BLOOM: What other advice would you give parents of kids with disabilities?

Rachel Coleman: Do not default your stewardship – and the fact that you are the parent – to an expert. Ever. If an expert tells you something and your instincts say ‘No way, you’re wrong,’ then do the work yourself because they don’t live with your child. You are the expert on your child and you need to act like it and educate yourself. You are your child’s advocate. You are their voice, their champion, and you may even be their legs. It’s up to you and no one is going to come to the rescue. Live big and live loud and have fun. When parents learn their child has a disability, they often start listing the things they think their child and family will never do. And they’re wrong! If you’re going to make something up, make up a list of empowering, amazing things you’re going to do.
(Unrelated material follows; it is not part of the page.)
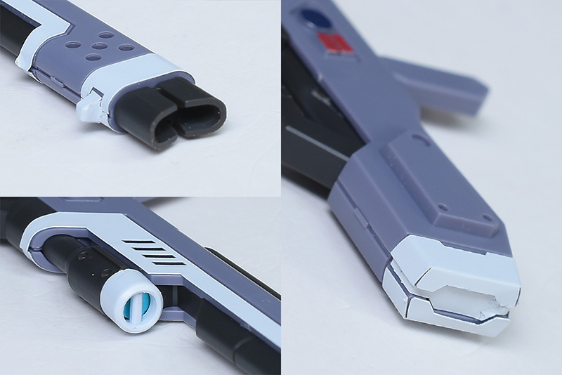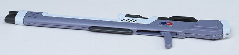 高エネルギービームライフルはグリップに凹凸がなく、ハンドパーツに差し込むだけで保持が可能。手甲をバラす手間がないので保持非保持がラクです。
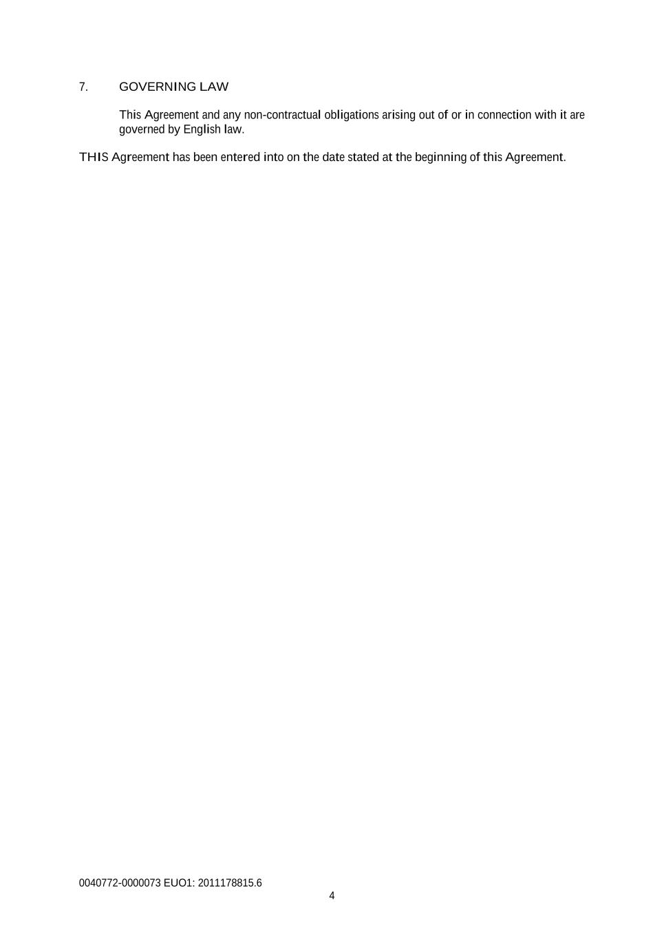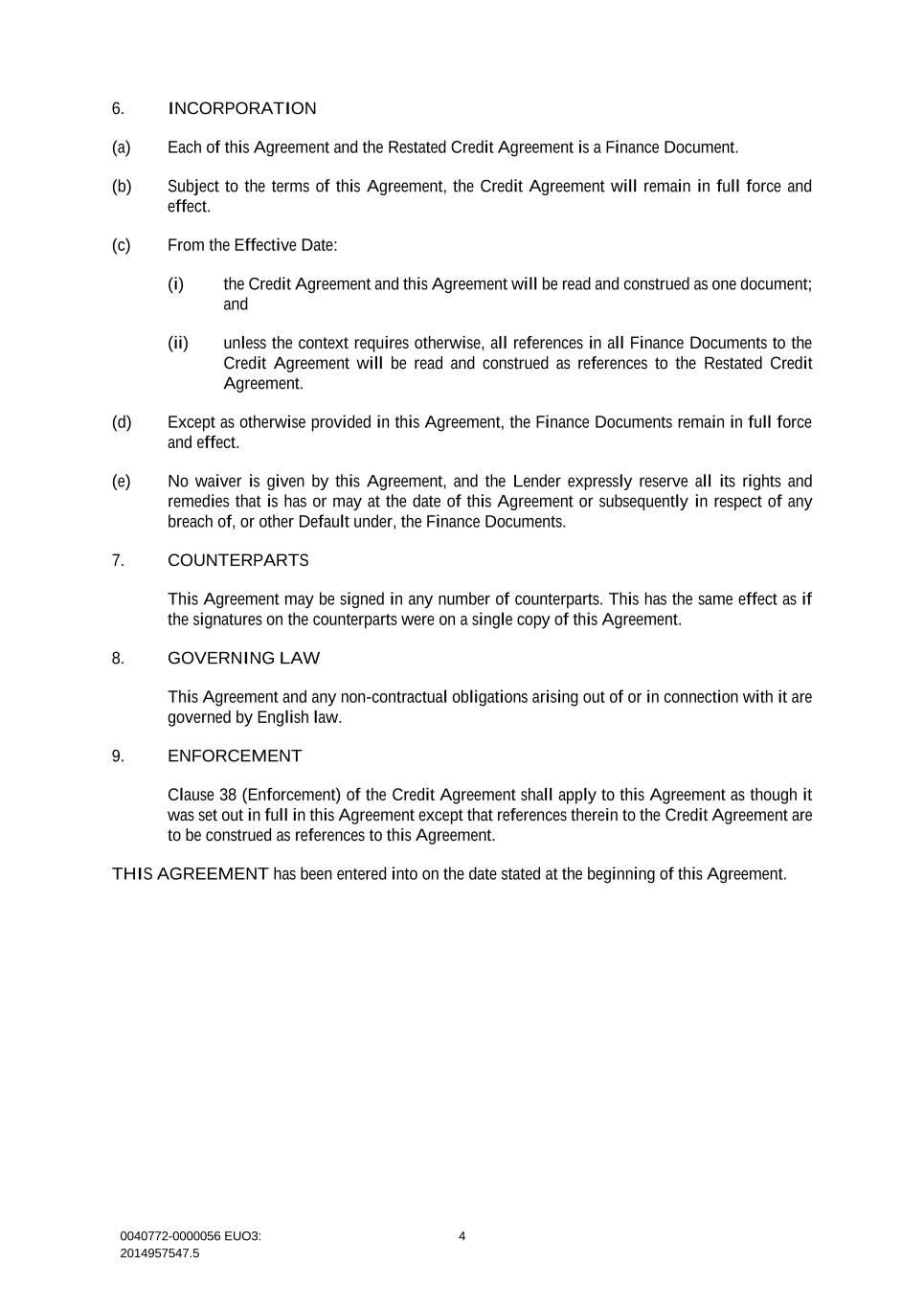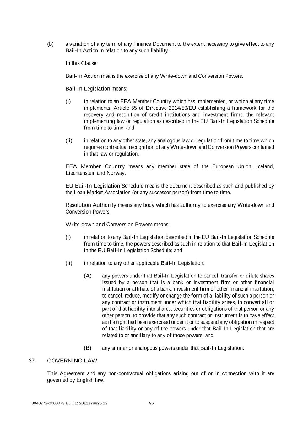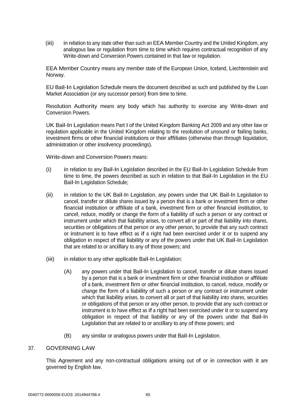 0040772-0000056 EUO3: 2014944768.4 65 (iii) in relation to any state other than such an EEA Member Country and the United Kingdom, any analogous law or regulation from time to time which requires contractual recognition of any Write-down and Conversion Powers contained in that law or regulation. EEA Member Country means any member state of the European Union, Iceland, Liechtenstein and Norway. EU Bail-In Legislation Schedule means the document described as such and published by the Loan Market Association (or any successor person) from time to time. Resolution Authority means any body which has authority to exercise any Write-down and Conversion Powers. UK Bail-In Legislation means Part I of the United Kingdom Banking Act 2009 and any other law or regulation applicable in the United Kingdom relating to the resolution of unsound or failing banks, investment firms or other financial institutions or their affiliates (otherwise than through liquidation, administration or other insolvency proceedings). Write-down and Conversion Powers means: (i) in relation to any Bail-In Legislation described in the EU Bail-In Legislation Schedule from time to time, the powers described as such in relation to that Bail-In Legislation in the EU Bail-In Legislation Schedule; (ii) in relation to the UK Bail-In Legislation, any powers under that UK Bail-In Legislation to cancel, transfer or dilute shares issued by a person that is a bank or investment firm or other financial institution or affiliate of a bank, investment firm or other financial institution, to cancel, reduce, modify or change the form of a liability of such a person or any contract or instrument under which that liability arises, to convert all or part of that liability into shares, securities or obligations of that person or any other person, to provide that any such contract or instrument is to have effect as if a right had been exercised under it or to suspend any obligation in respect of that liability or any of the powers under that UK Bail-In Legislation that are related to or ancillary to any of those powers; and (iii) in relation to any other applicable Bail-In Legislation: (A) any powers under that Bail-In Legislation to cancel, transfer or dilute shares issued by a person that is a bank or investment firm or other financial institution or affiliate of a bank, investment firm or other financial institution, to cancel, reduce, modify or change the form of a liability of such a person or any contract or instrument under which that liability arises, to convert all or part of that liability into shares, securities or obligations of that person or any other person, to provide that any such contract or instrument is to have effect as if a right had been exercised under it or to suspend any obligation in respect of that liability or any of the powers under that Bail-In Legislation that are related to or ancillary to any of those powers; and (B) any similar or analogous powers under that Bail-In Legislation. 37. GOVERNING LAW This Agreement and any non-contractual obligations arising out of or in connection with it are governed by English law.

So many parents give up: “My child has a disability, it’s over.” That’s why I do the things I do and blog about it. I even write about when things don’t go well because at least I’m trying to do things differently. I love being out there as an example of what is possible, because we’re often surrounded by people who tell us “You can’t” and “Don’t try.” Why not be a light and be an example of what is possible as a family – even with a wheelchair?

10 comments:

This interview really inspired me today. Thank you so much! I needed this encouragement!

Great post. My childrens' disabilities have taken me to places I would not gotten to without them

I agree with Anonymous. Thank you Rachel!
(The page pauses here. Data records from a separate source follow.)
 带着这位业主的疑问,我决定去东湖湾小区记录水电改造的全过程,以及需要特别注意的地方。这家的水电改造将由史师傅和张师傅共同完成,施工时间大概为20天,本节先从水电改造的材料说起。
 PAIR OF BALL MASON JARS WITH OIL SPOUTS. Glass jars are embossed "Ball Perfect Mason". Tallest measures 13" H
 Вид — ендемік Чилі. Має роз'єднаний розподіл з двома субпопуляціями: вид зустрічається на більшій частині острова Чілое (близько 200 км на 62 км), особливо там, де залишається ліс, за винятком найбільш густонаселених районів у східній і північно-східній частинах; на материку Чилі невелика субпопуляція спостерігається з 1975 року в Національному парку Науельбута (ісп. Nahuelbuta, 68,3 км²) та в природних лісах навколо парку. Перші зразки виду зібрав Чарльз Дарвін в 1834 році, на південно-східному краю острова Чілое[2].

I will echo Elizabeth and anon. So Inspiring! Thank you Rachel and Louise!
Lisa

Thanks to Louise for conducting such an inspirational interview.
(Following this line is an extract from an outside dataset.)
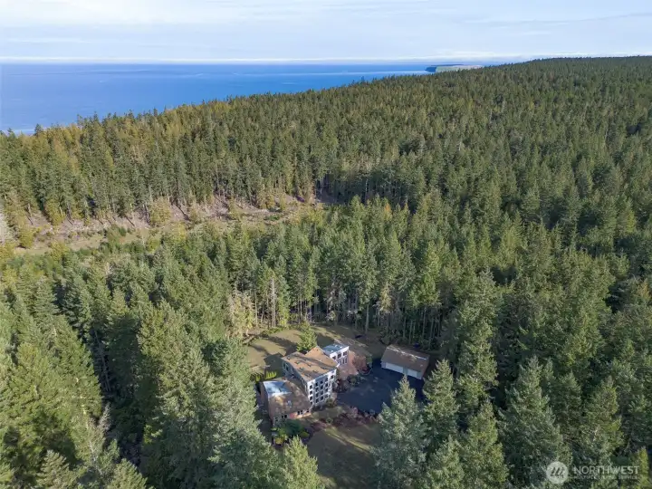 Should be on a magazine cover! You could travel the world and find little to compare with the peace and tranquility of this lovely spot. Custom home in Sequim Bay Acres in Panorama Vista on 5 private acres. This contemporary home has it all! 3900 square feet of living space with 4 bedrooms and 3 full bathrooms. When you open the door, you walk into an entertainers delight with a living room with a propane fireplace and built-ins. The chef's kitchen has a island with an induction cook top, a peninsula with bar stools, a Frigidaire professional series refrigerator and subzero freezer, wall oven & micro, an appliance garage, & large walk-in pantry. Off the kitchen is a formal dining room overlooking a large atrium with a hot tub & Koi pond. The primary bedroom has a propane fireplace, a large walk-in closet with built-ins, adjoining exercise room, and an en-suite with an oversized shower, double sinks, and separate toilet. There are 2 additional bedrooms on this end of the house with a full bathroom. Up the spiral staircase is an bonus area with built-ins. As you walk thru the atrium there is another office / entertaining space. The fourth bedroom is located off the living room with another full bathroom. A key feature of the home is a sound-proof theater with red leather seating. There are two heat pumps and five different zones for heat and three separate hot water heaters. The three car garage has 888 square feet for your cars and additional storage. Come see!
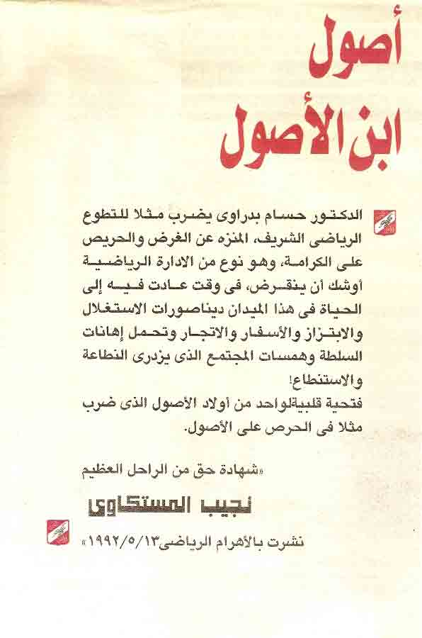 د.حسام بدراوي يضرب مثلا للتطوع الرياضي الشريف ، المنزه عن الغرض والحريص علي الكرامة ،وهو نوع من الادارة الرياضية أوشك أن ينقرض، في قوت عادت فيه الى الحياة في هذا الميدان ديناصورات الاستغلال والابتزاز والأسفار والاتجار وتحمل اهانات السلطة وهمسات المجتمع الذي يزدري النطاعة والاستنطاع، فتحية قلبية لواحد من أبناء الأصول الذي ضرب مثلا في الحرص على الأصول

I KNEW there was a reason that the dads in our Down syndrome community have a crush on Rachel. She's seriously awesome. I love her authenticity and forthrightness...thank you for that. This brightened an otherwise dreary day...

Awesome! I love Rachel's attitude - and I love her videos too. Thank you for this wonderful interview, Louise.
Stacey

My husband is totally blind. I have spent most of my life in and out of a wheelchair. Our children are both healthy, which is wonderful. I kind of see us as the future of children with disabilities. If we are allowed to live our lives the way we choose and are willing to work hard, there is so much we can do! When I was dating, my mom told me not to say anything to the guys I date about being in a wheelchair (at the time I was walking ok with nearly invisible knee and ankle braces) I started dating a blind guy and my mom was so quick to tell me it could never work because I am not physically capable of supporting him. I found that he has no physical disabilities other than his blindness. He is very strong and even when I weighed over 200lbs, he could lift my body and carry me up and down stairs. I can read and write for him. We complement each other in so many ways. He got me an electric wheelchair for a wedding gift. Then he could hold on to the back of my chair, so I was his guide. We now have two children. We have been married 7.5 years. I hope that parents of disabled children believe in them enough to allow them to love and be loved by many different people!

I am very pleased to meet the famous Rachel, too! Thank you, Louise!

Barbara

Thank you everyone for your comments.

And Chelsea -- I LOVE your story. It sounds like you have an AWESOME family. Thanks so much for sharing with us. Louise

Fabulous post Louise. Rachel is so inspiring! I loved her Strong Enough to Be story.